Father (Gerard Catus) and daughter (Isake Akanke) meet for the first time in The Best Game. (Photo by Willis Miles)

Difficult father-daughter relationships appear often enough in plays, but the one in The Best Game, the world-premiere work by Atlanta playwright Paris Crayton III at Decatur’s Porter Sanford Performing Arts Center through April 13, is especially knotty. Father Scott (Gerard Catus) and daughter Leann (Isake Akanke) are not only dealing with a couple decades’ worth of stifled resentments, unresolved problems and unanswered questions, the two of them are also actually meeting for the very first time.

Ambitious 19-year-old NYU student Leann has decided to seek out the father who’s been absent for her entire life: for reasons unknown, he abandoned her mother before Leann was born. It’s an awkward meeting right from the start. In the opening lines, Scott tries his best to figure out what he can offer Leann (A glass of water? A beer? A whiskey?), but nothing seems quite right, a pattern that continues as the polite facades quickly fall away and the larger mystery of what Leann wants and what Scott is able to offer her unfolds.

Crayton, who was recently profiled as one of ArtsATL’s “30 under 30,” is a hugely talented writer, and he maintains our interest and our sympathies for both characters throughout this intense but subtly understated drama.

It’s an ambitious show in that it maintains a tight focus on just two characters and the interplay of emotions between them, but it seldom feels melodramatic or overwrought. Crayton, who also directs, has found an amazing Scott in veteran actor Gerard Catus, who seems to bring not just a character, but a whole interior human cosmography to the stage. We get a sense of Scott’s admirable but ultimately vulnerable philosophies about life and survival. Akanke’s Leann shares something of her father’s doggedness and intractability. But whereas he leads an easy-going life somewhere between derelict and bohemian, she’s a driven perfectionist who can’t stand to see a single loose end or unfulfilled potential.
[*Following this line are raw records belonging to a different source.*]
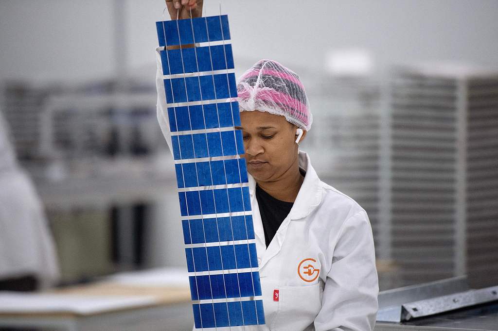 當?shù)貢r間2023年10月25日,南非開普敦,一名婦女在只有女性員工的太陽能電池板工廠“非洲能源”檢查組件。
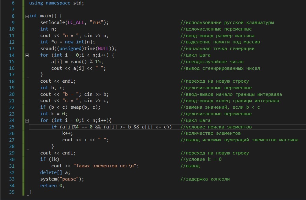 элементов, кратных 4 и попадающих в заданный интервал, включая
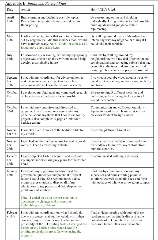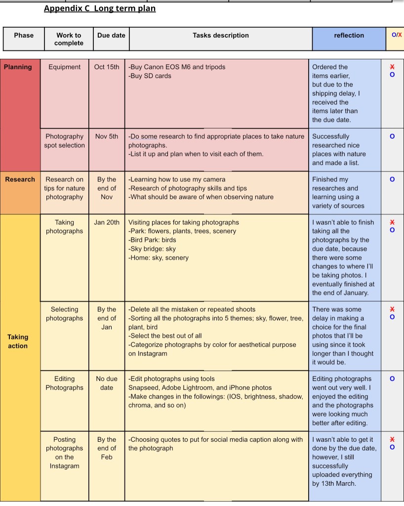 - specific dates, deadlines and clear records of adjustment to the project’s timeline.
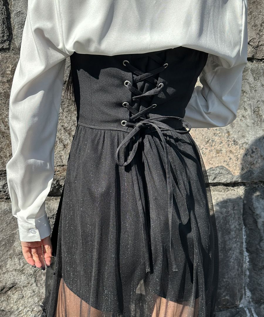 フロント2か所のリボンを絞ればシャーリングを調整して自分らしく着用できます。
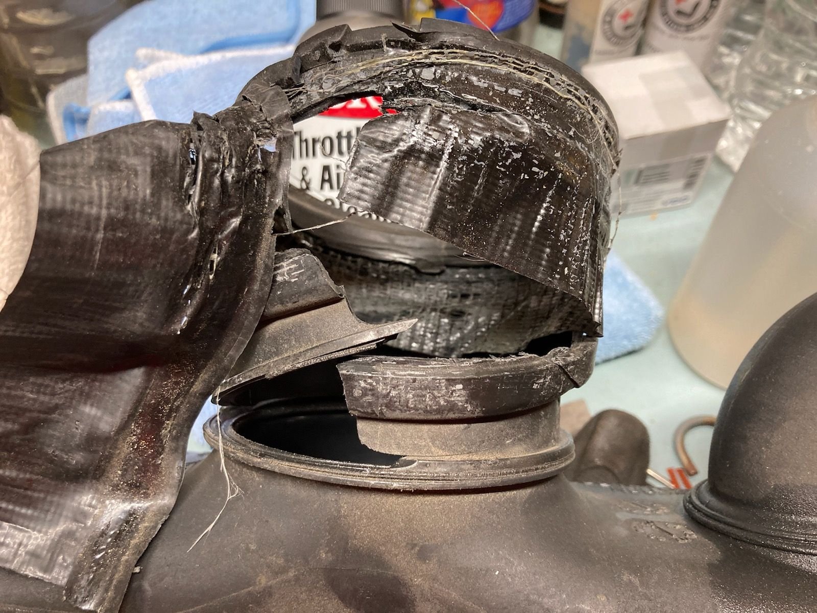 It was stuck at the throttle body so tore a little more getting it off, but it was very bad to begin with. And yes, that duct tape was the previous owner's version of a fix.
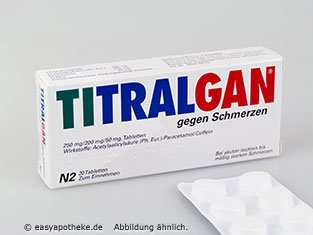 Die Titralgan Tabletten gegen Schmerzen werden zur Behandlung von leichten bis mittelschweren Schmerzen angewendet. Die Tabletten enthalten eine Kombination der drei Wirkstoffe Acetylsalicylsäure, Paracetamol und Coffein. Die Acetylsalicylsäure und das Paracetamol verfügen über schmerzstillende, fiebersenkende und entzündungshemmende Eigenschaften. Das Coffein verstärkt und beschleunigt die Wirkung der beiden anderen Wirkstoffe und hilft bei Ermüdungserscheinungen. Die Titralgan Tabletten gegen Schmerzen helfen schnell und zuverlässig gegen verschiedene Arten von Schmerzen.
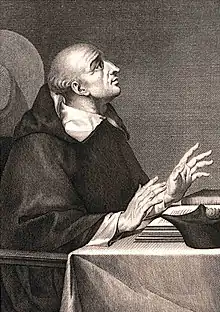 Juan de Torquemada was born in Valladolid, Spain.[1] “There is a general historical consensus that the family were former Jews“.[2] Though those converso origins are very often stated without providing any source,[3] they are “based primarily on Hernando del Pulgar’s statement that Juan de Torquemada’s abuelos were converts from the Jewish faith“.[2] As a converso, Pulgar is considered to have made this assertion out of hate for Juan de Torquemada’s nephew, Tomás de Torquemada.[4] However, through a study of all Juan de Torquemada’s ancestors no such jewish converts were found in his family.[5] At an early age he joined the Dominican Order, and soon distinguished himself for learning and devotion. In 1415 he accompanied the general of his order to the Council of Constance. Thereafter he proceeded to the University of Paris for study, and took his doctor's degree in theology in 1423. After teaching for some time in Paris, he became prior of the Dominican house in Valladolid, and then in Toledo.[6]

Crayton masterfully handles the slow revealing of information about the emotional lives of the main characters, and the thing crackles along at the pace of a good mystery with plenty of flashes of insight and humor along the way. The same questions Scott and Leann ask of themselves and each other are the same ones we’re curious about as an audience: What do they want from each other? Why have they waited so long? Why were they estranged to begin with?

A game that the two of them play, quizzing each other on their musical knowledge, leads to what is undoubtedly the play’s most touching moment: Scott plays Leann his favorite song, and the ongoing, mounting tension and awkwardness suddenly take a wild swerve toward a moment of intimacy and affection that’s as beautifully unexpected for the characters as it is for the audience.

But the work’s greatest strengths also tend to play out as some of its greatest weaknesses. The father and daughter are meeting for the first time, so in the end, not enough seems to be at stake. They’re strangers to each other, so their actual investment in each others’ lives has to remain somewhat limited. Still, Crayton is obviously a playwright to watch, and it’s a thing of beauty to see a master actor like Catus get down to business with his work.

The Best Game is the first production of Rising Sage Theatre, the company Crayton has cofounded along with his managing director, Kirk D. Henny. There’s a lot to admire in The Best Game, but perhaps the most exciting thing about it is the sense that “the best game” is actually still very much ahead.